The United States' National Institute of Standards and Technology ("NIST") has issued a final version of its interagency report on blockchain-distributed ledger technology. The Blockchain Technology Overview provides a high-level overview and explanations, inter alia, on how blockchain works, the characteristics of this emerging technology that has enabled the development of several cryptocurrency systems, the blockchain components and consensus models, and its application processes, known as smart contracts. As explained by NIST, the report is designed as an introduction to provide the foundation for a planned series of publications on more specific aspects of blockchain.
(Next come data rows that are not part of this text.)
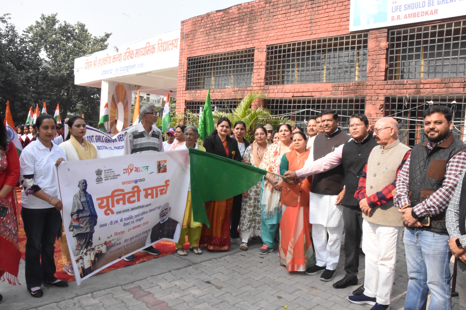 पंचकूला। एसडीएम चंद्रकांत कटारिया ने सरदार वल्लभ भाई पटेल की 150वीं जयंती के उपलक्ष्य में मेरा युवा भारत द्वारा आयोजित कार्यक्रम में पीएम श्री राजकीय माॅडल कन्या वरिष्ठ माध्यमिक विद्यालय सेक्टर-15 से जिला स्तरीय पद यात्रा को हरी झंडी दिखाकर रवाना किया।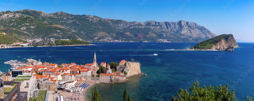 Panoramic aerial view of The Old Town of Montenegrin town Budva on the Adriatic Sea, Montenegro
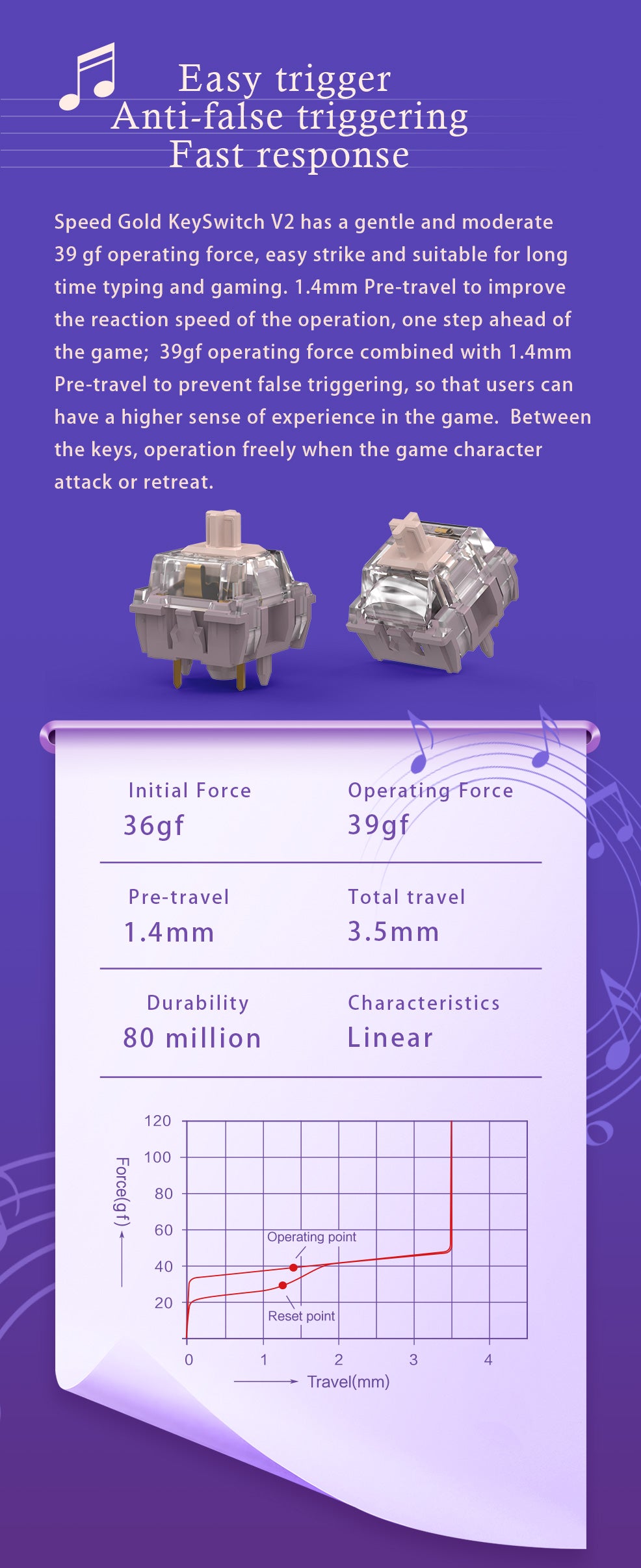 • Operating force:  39gf

The report highlights some of the limitations and misconceptions of blockchain technology in order to prevent organisations from incorrectly incorporation. These misconceptions include the following:
- Immutability: Although the blockchain is usually described as immutable, there are different ways in which the concept of immutability for blockchain ledgers can be violated. For instance, for some blockchain implementations, some blocks are subject to being replaced by a longer chain with different "tail" blocks;
- Cybersecurity: The use of blockchain does not remove inherent cybersecurity risks, and as a result, a robust cybersecurity program is still required in order to provide protection from cyber threats. A common misconception is that blockchain is so secure, that once a transaction is committed to the blockchain it cannot be changed. However, this fact is not necessarily true when it comes to transactions that have not yet been included in a published block within the blockchain; and
- Users involved in blockchain governance: According to the report, another misconception is that blockchain networks lack control and ownership. In fact, this claim is not strictly true since, for example, authorised blockchain networks are generally set-up and run by an owner or consortium, who governs the blockchain network.
According to the report, blockchain technology solutions can be relevant to activities or systems that require features such as numerous participants; a need for a decentralised naming service; or a need for cryptographically secure system ownership.